Medical care accounts for just 10% to 20% of overall health outcomes. The rest is shaped by factors like the conditions in which people are born, grow, live, work and age.
This frustrating reality leads Hanna to use the ‘Band-Aid’ metaphor often: As a pediatrician, she has felt like she could only do too little, too late.
“I’ve cared for so many kids with gunshot injuries. Why aren’t we talking about gun violence prevention? I’ve cared for so many kids with lead poisoning and asthma. They happen to live in southwest Detroit, which has the worst air quality,” Hanna says.
Hanna’s answer to these societal and environmental challenges has been to advocate for interventions that aim to prevent poverty, improve the environment and build stronger communities.
Some argue that such advocacy goes beyond a physician’s role, but Hanna firmly disagrees. “We should honor the oath we’ve taken to protect and be curious to truly address the health of the patients we’re charged with.”
Though her convictions stem from her training in environmental health, Hanna also attributes them to her family origins. “Being an immigrant has given me a heightened antenna for injustice,” she says. “I grew up in this country grateful every day to be here — aware of the privileges, rights and freedoms, but also of injustices.”
She calls it a superpower that has enabled her to “be curious, to give back and to serve.” After more than a decade educating students and medical residents, Hanna has bite-sized but powerful advice to share. “Find your passion. Find your people. Be persistent. Be prepared.”
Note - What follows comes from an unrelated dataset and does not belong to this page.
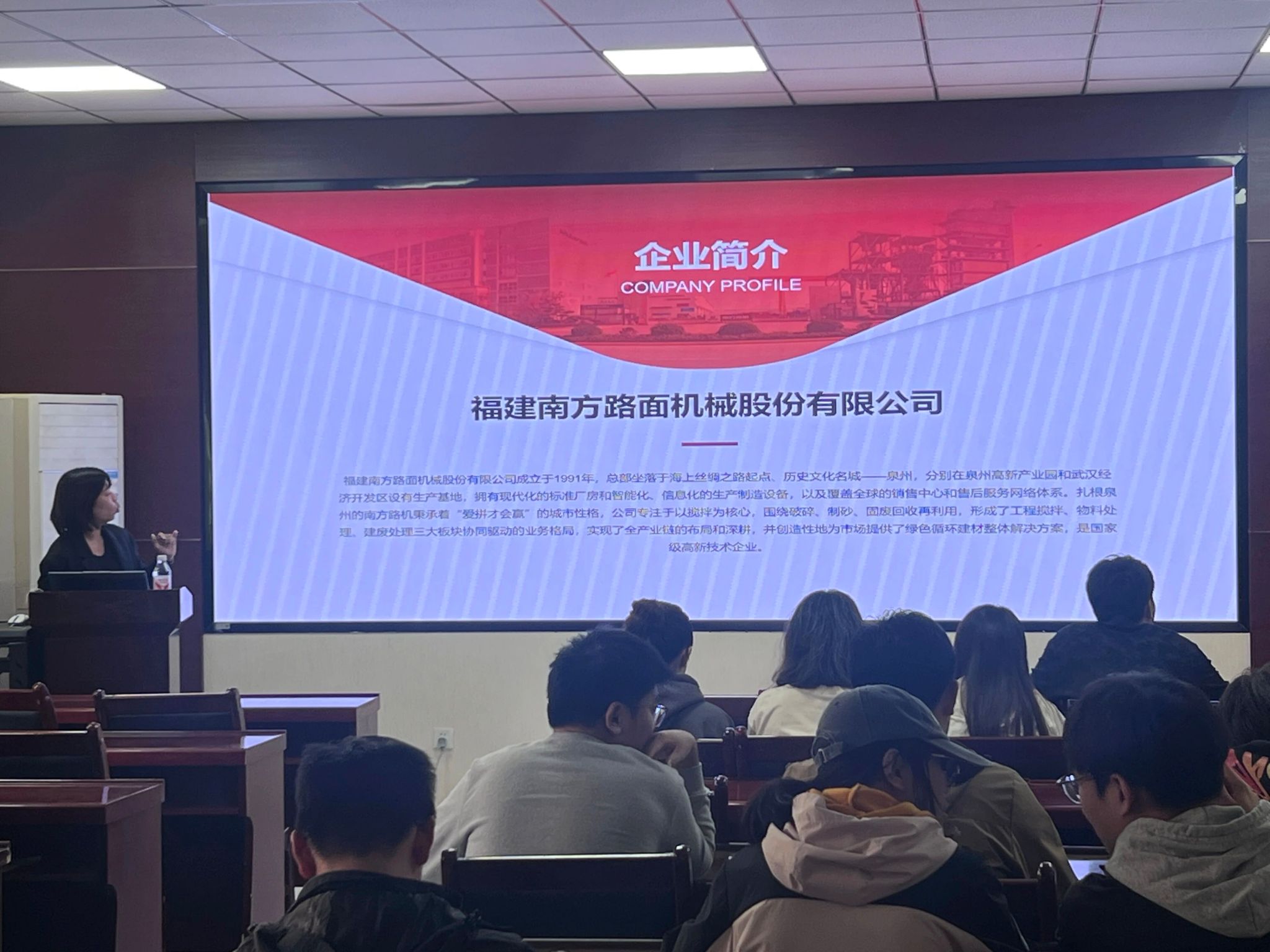招聘会上,南方路机招聘负责人首先介绍了企业概况,详细阐述了公司在工程装备制造领域的行业地位、核心业务布局及未来发展规划。作为国内工程机械装备领域的领军企业,南方路机在绿色建材装备、建筑废弃物资源化利用等方面的技术优势与创新成果,使同学们对企业的发展前景有了清晰认识。

Hanna has lived those words herself, by focusing on the issues she really cares about, finding allies in different sectors — from engineering to social sciences — and catalyzing lasting change.
“I am not a patient person,” she says. “Every hour a baby is born without the resources they need — that’s a failure on us. I don’t want to live with regret that I could have done something for kids and didn’t.”
Because of her urgent work creating a new model for giving countless children a stronger start in life, she won’t have to.